The identification of essential proteins is of great significance in biology and pathology. However, protein–protein interaction (PPI) data obtained through high-throughput technology include a high number of false positives. To overcome this limitation, numerous computational algorithms based on biological characteristics and topological features have been proposed to identify essential proteins.

Results

In this paper, we propose a novel method named SESN for identifying essential proteins. It is a seed expansion method based on PPI sub-networks and multiple biological characteristics. Firstly, SESN utilizes gene expression data to construct PPI sub-networks. Secondly, seed expansion is performed simultaneously in each sub-network, and the expansion process is based on the topological features of predicted essential proteins. Thirdly, the error correction mechanism is based on multiple biological characteristics and the entire PPI network. Finally, SESN analyzes the impact of each biological characteristic, including protein complex, gene expression data, GO annotations, and subcellular localization, and adopts the biological data with the best experimental results.
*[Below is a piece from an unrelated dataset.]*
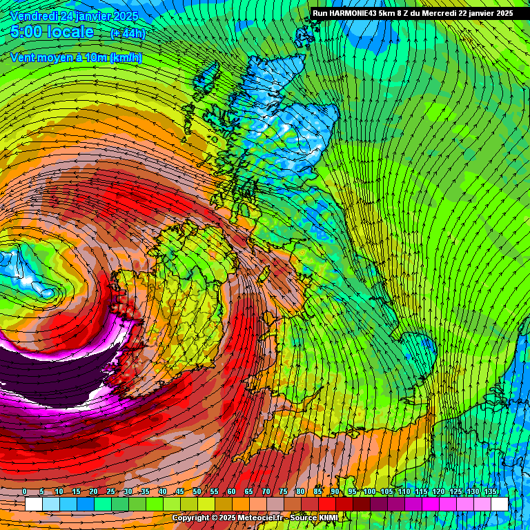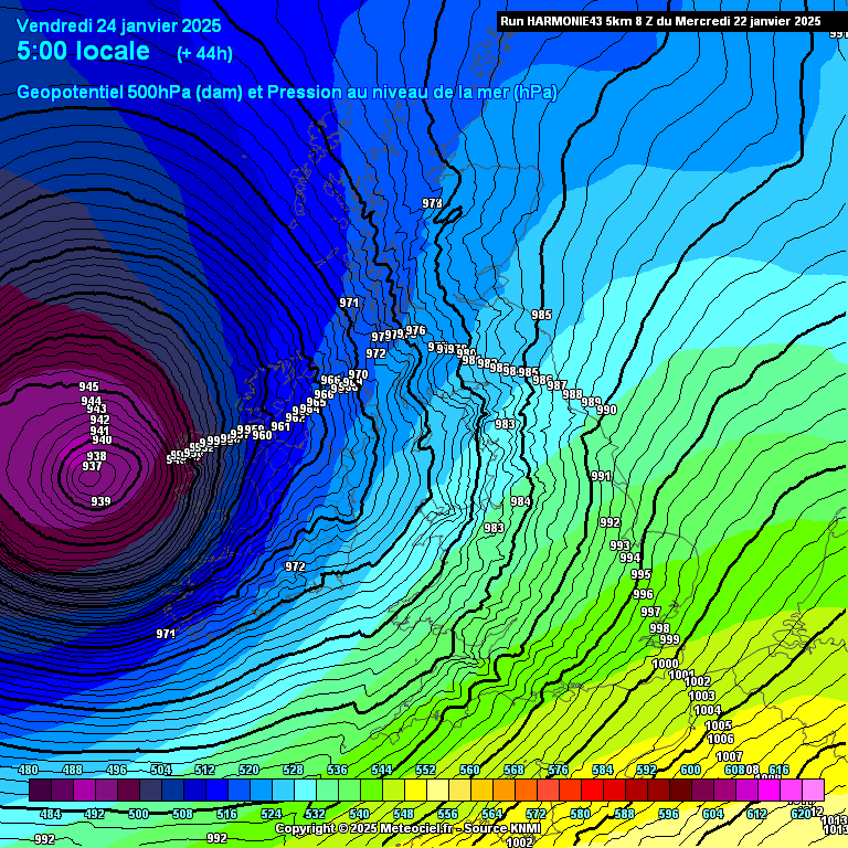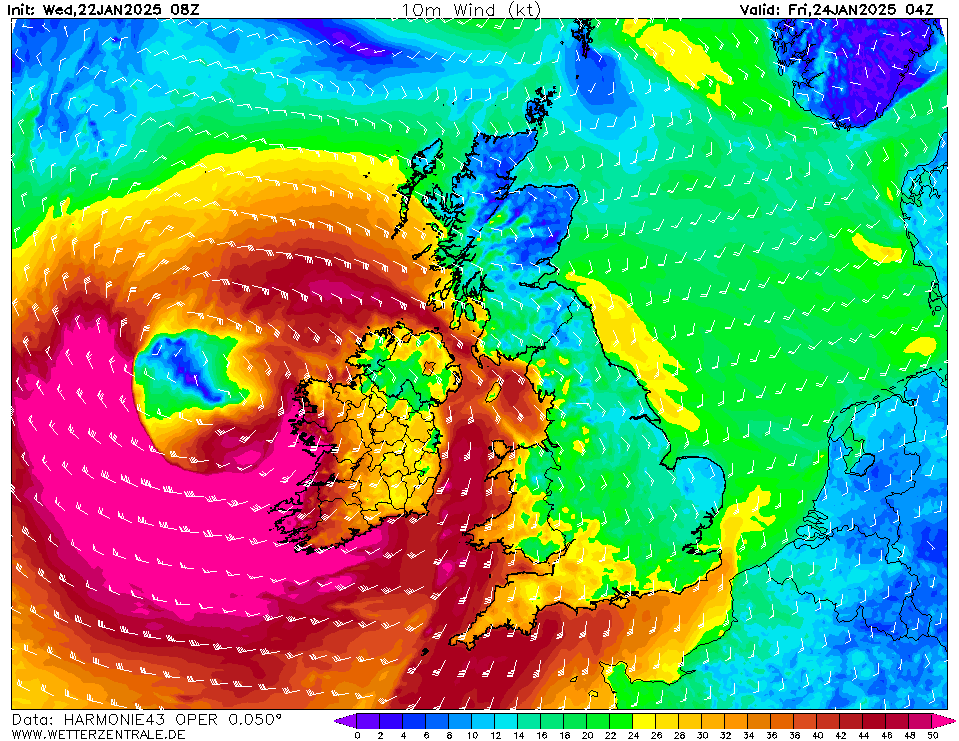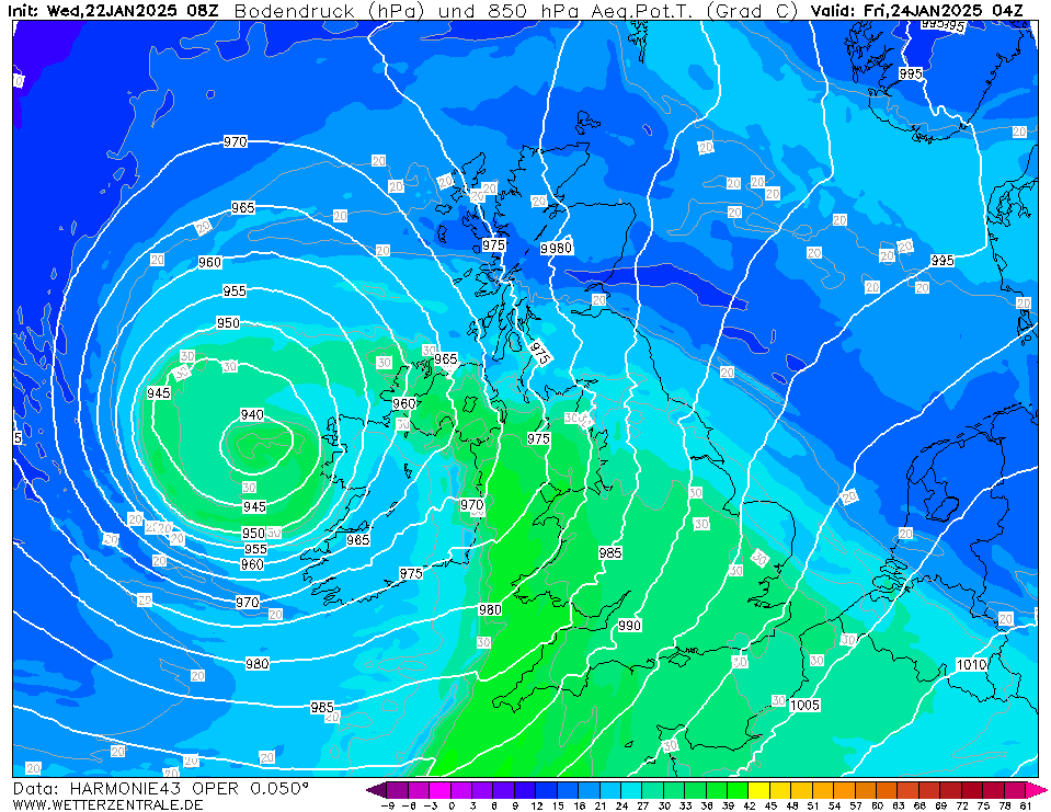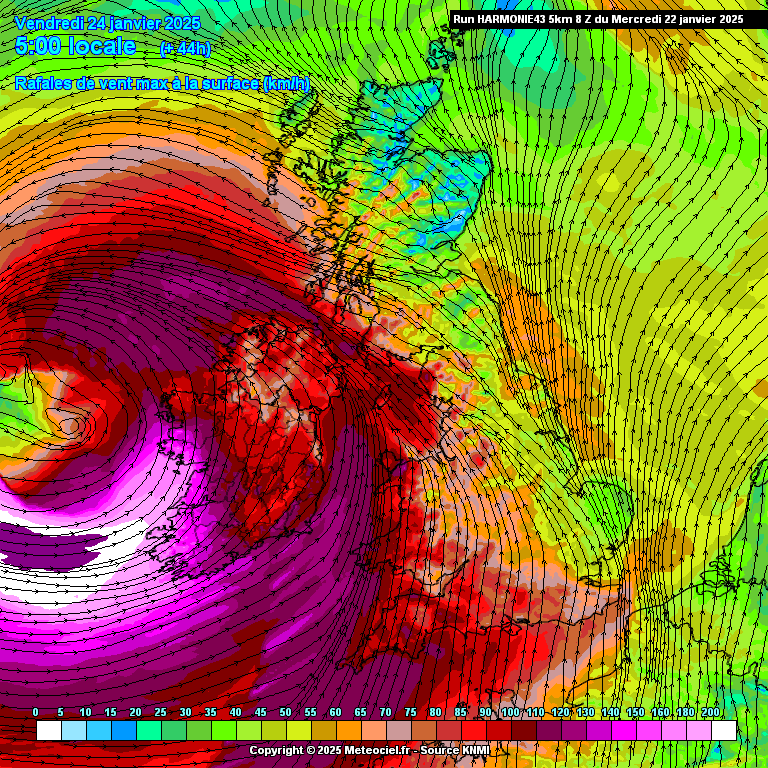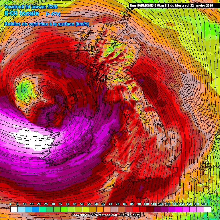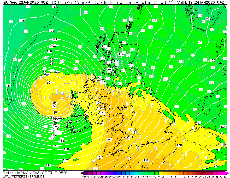 Het hele verloop van de storm is nu zichtbaar in de Harmonie uitvoer. Er zullen wel vergelijkbare of zwaardere stormen in het verleden geweest zijn, maar voor Harmonie moet dit toch wel één van de zwaarste zijn uit de geschiedenis van het weermodel. De 200-plussers blijven waarschijnlijk boven zee, maar windstoten van 150-200 km/h aan de kust en 100-150 km/h landinwaarts zijn gewoon extreem. Kerndruk daalt mogelijk onder de 940 hPa.

The output of SESN is a set of predicted essential proteins.

Conclusions

The analysis of each component of SESN indicates the effectiveness of all components. We conduct comparison experiments using three datasets from two species, and the experimental results demonstrate that SESN achieves superior performance compared to other methods.

Peer Review reports

Background

Essential proteins are crucial and indispensable for cellular activities [1]. The identification of essential proteins promotes an understanding of the minimal requirements for cell survival and reproduction. The study of essential proteins is beneficial for discovering pathogenic genes and generating novel approaches for disease treatment. [2, 3]. The identification of essential proteins plays a crucial role in advancing research and development in the fields of biology and pathology.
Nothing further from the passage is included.